→ **ACTION ITEM**:
Return the data below in full and exactly, except that the pictures are dropped.

→ **GIVEN MATERIAL**:
__________

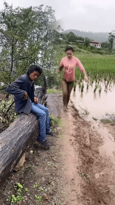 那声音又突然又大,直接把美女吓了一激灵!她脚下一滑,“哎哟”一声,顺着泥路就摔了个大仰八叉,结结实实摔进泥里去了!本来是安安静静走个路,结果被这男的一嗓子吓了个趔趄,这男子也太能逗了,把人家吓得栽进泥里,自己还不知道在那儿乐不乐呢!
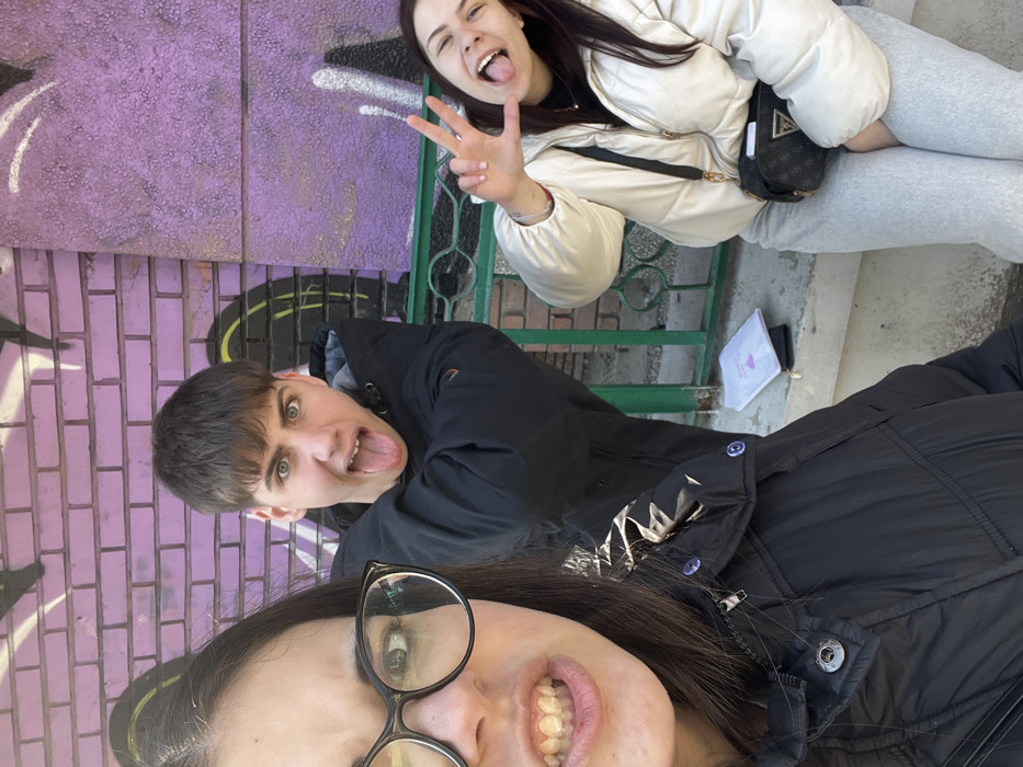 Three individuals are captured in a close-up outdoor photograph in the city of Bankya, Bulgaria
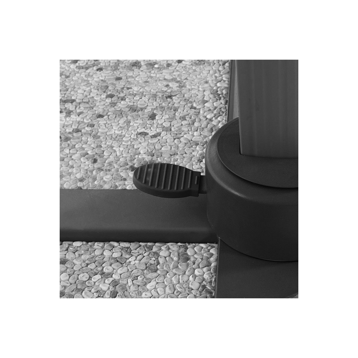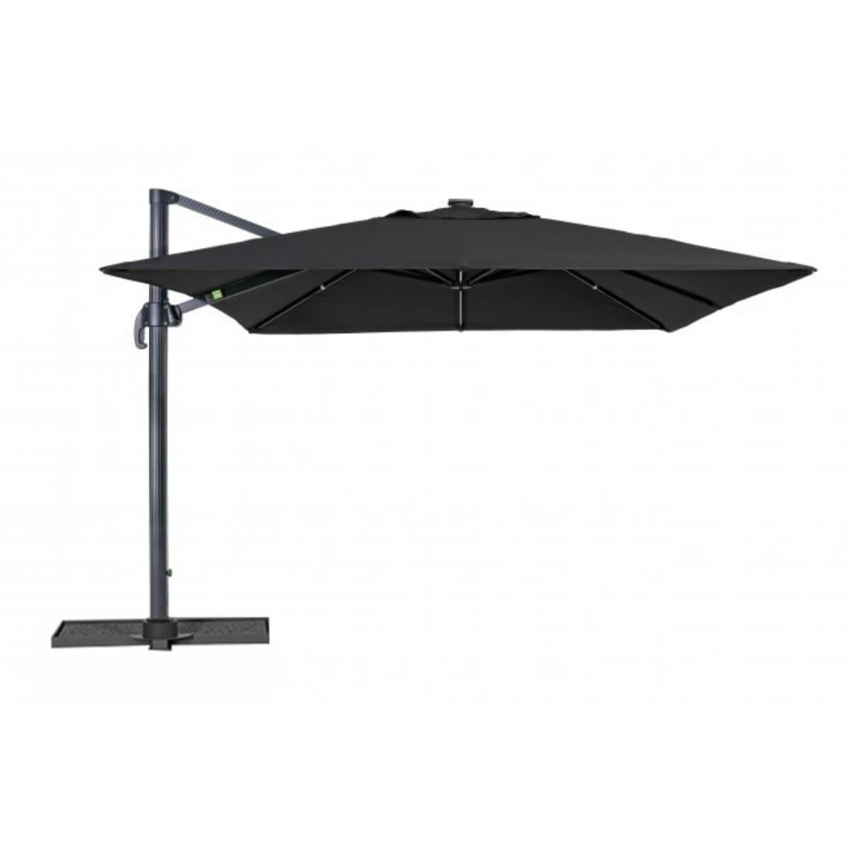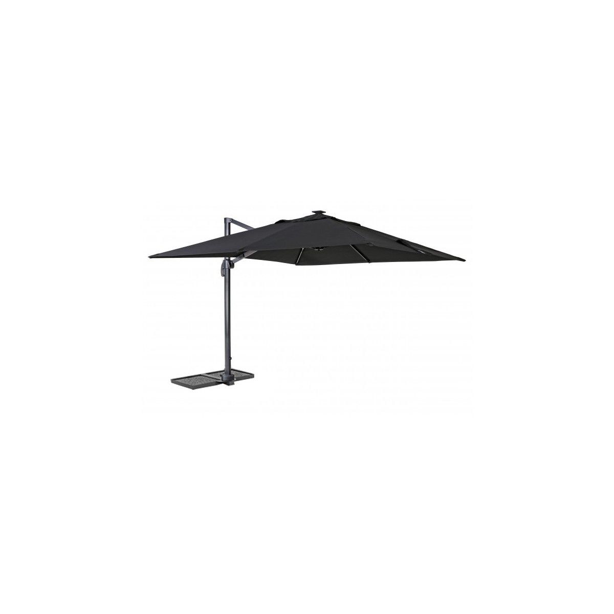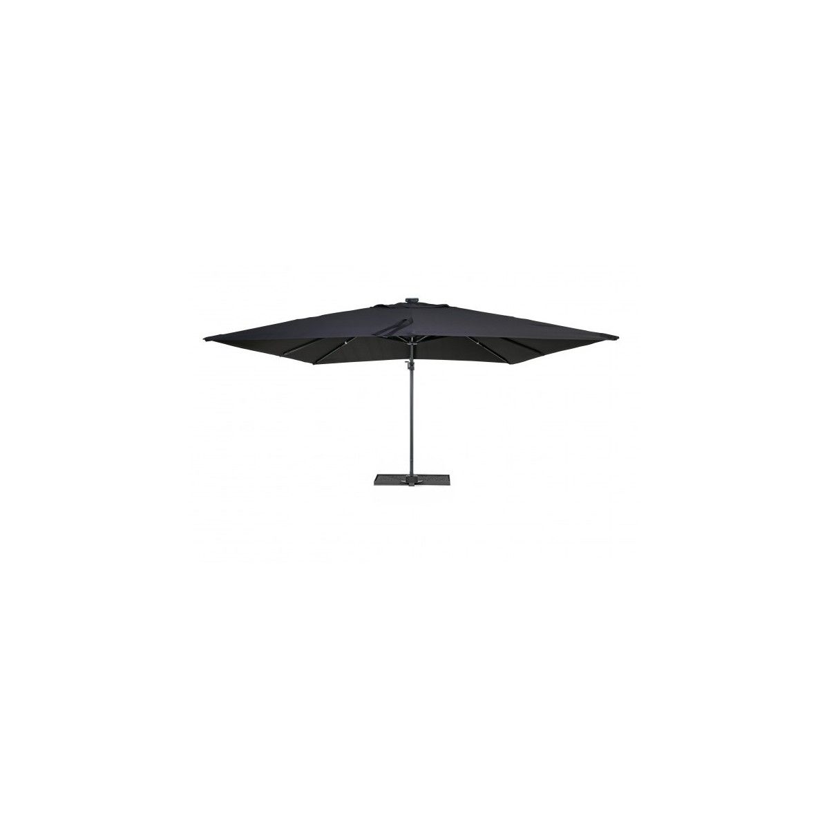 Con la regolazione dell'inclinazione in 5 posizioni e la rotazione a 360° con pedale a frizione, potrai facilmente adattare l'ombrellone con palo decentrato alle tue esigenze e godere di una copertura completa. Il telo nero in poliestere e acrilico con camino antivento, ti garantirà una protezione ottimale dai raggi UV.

__________

→ **ANSWER TO THIS EXERCISE**:
 那声音又突然又大,直接把美女吓了一激灵!她脚下一滑,“哎哟”一声,顺着泥路就摔了个大仰八叉,结结实实摔进泥里去了!本来是安安静静走个路,结果被这男的一嗓子吓了个趔趄,这男子也太能逗了,把人家吓得栽进泥里,自己还不知道在那儿乐不乐呢!
 Three individuals are captured in a close-up outdoor photograph in the city of Bankya, Bulgaria
 Con la regolazione dell'inclinazione in 5 posizioni e la rotazione a 360° con pedale a frizione, potrai facilmente adattare l'ombrellone con palo decentrato alle tue esigenze e godere di una copertura completa. Il telo nero in poliestere e acrilico con camino antivento, ti garantirà una protezione ottimale dai raggi UV.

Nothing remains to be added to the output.